Currently there are four types of unordered associative containers:

* `std::unordered_map`,
* `std::unordered_set`,
* `std::unordered_multimap`,
* `std::unordered_multiset`.

Usually, they are implemented on top of some kind of `Hashtable` container. I am
going to jump into implementation of this `Hashtable` container directly,
because that's where all the interesting stuff is hidden.

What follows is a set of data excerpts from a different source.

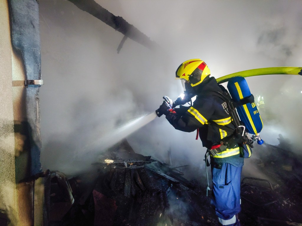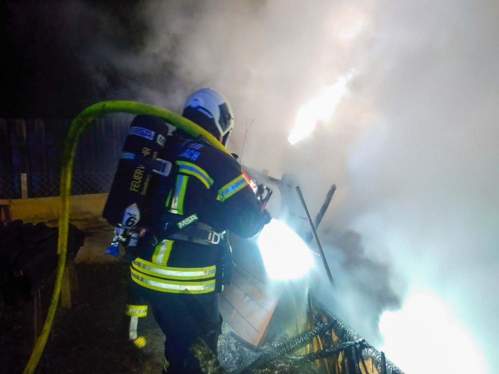 Mit drei Lรถschleitungen โ zwei im Auรenangriff und einem im Innenangriff โ konnten wir den Brand rasch unter Kontrolle bringen.โ
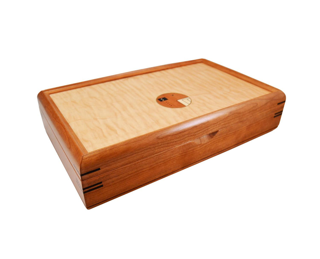 A stunning design paired with precise craftsmanship, this wooden box gives you an elegant yet functional way to store and organize your jewelry. Equipped with multiple compartments and plush ring inserts, this box has a place for all your valuables and space for your rings, necklaces, earrings, and bracelets. Made of cherry, holly, curly maple, paduak, black obeechie, and wenge wood. Measures 13L x 8W x 3H inches. Handcrafted in the US.
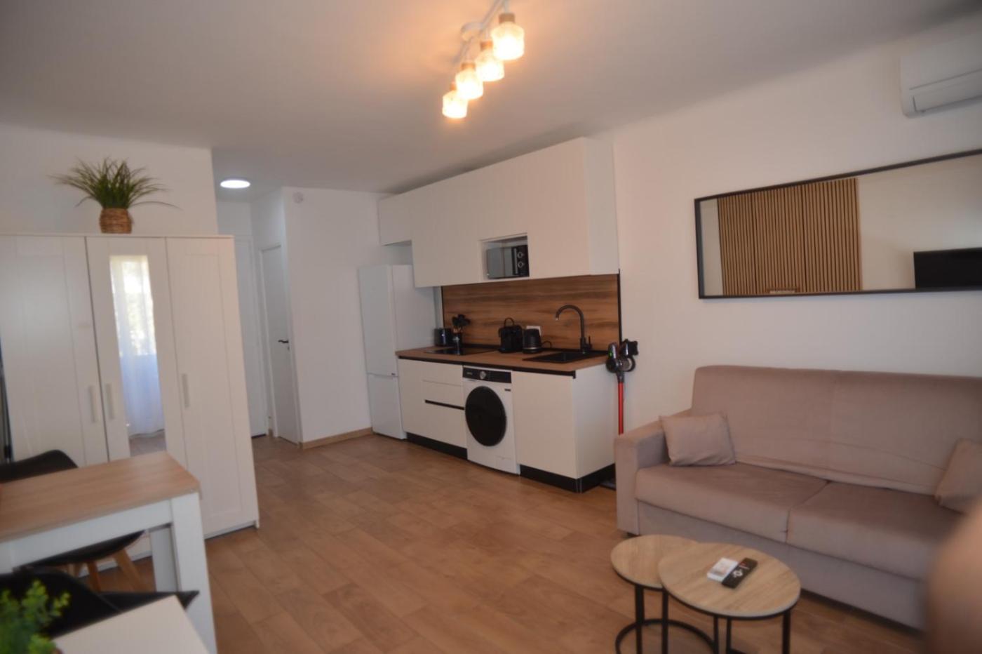 Cet appartement avec climatisation compte un coin repas, une cuisine avec un réfrigérateur et une télévision à écran plat par câble. Des serviettes et du linge de lit sont mis à votre disposition.

I'll  focus on the key/value containers with a unique set of keys
(`std::unordered_map`), `std::unordered_set` have mostly similar logic. Multi
keys containers are different beasts. They share a large portion of code with
unique keys containers, but insertion and find logic is quite different, due to
the set of stored keys is actually a [multi set][34] (allows multiple instances of
the same key).

GCC's libstdc++ implementation can be found in the [hashtable.h header][1], the
class of interest is named `_Hashtable`. There will be a lot of names with
leading underscores. Not everyone is used to such code, but Standard Library
implementers have no choice [to avoid collisions with user defined names][2]
(macros for example). 

## Policy-Based Design

`_Hashtable` class implemented by decomposition into [policies][35] and closely
recalls [GCC's Policy-Based Data Structures design][36]. Some of these policies
are available for redefinition by the user, for example `_Alloc`, `_Equal` and
`_Hash`. Some depend on the container type, like `_ExtractKey`, `_Value`. And
others like `_RangeHash` and `_RehashPolicy` can be defined by library implementers
only.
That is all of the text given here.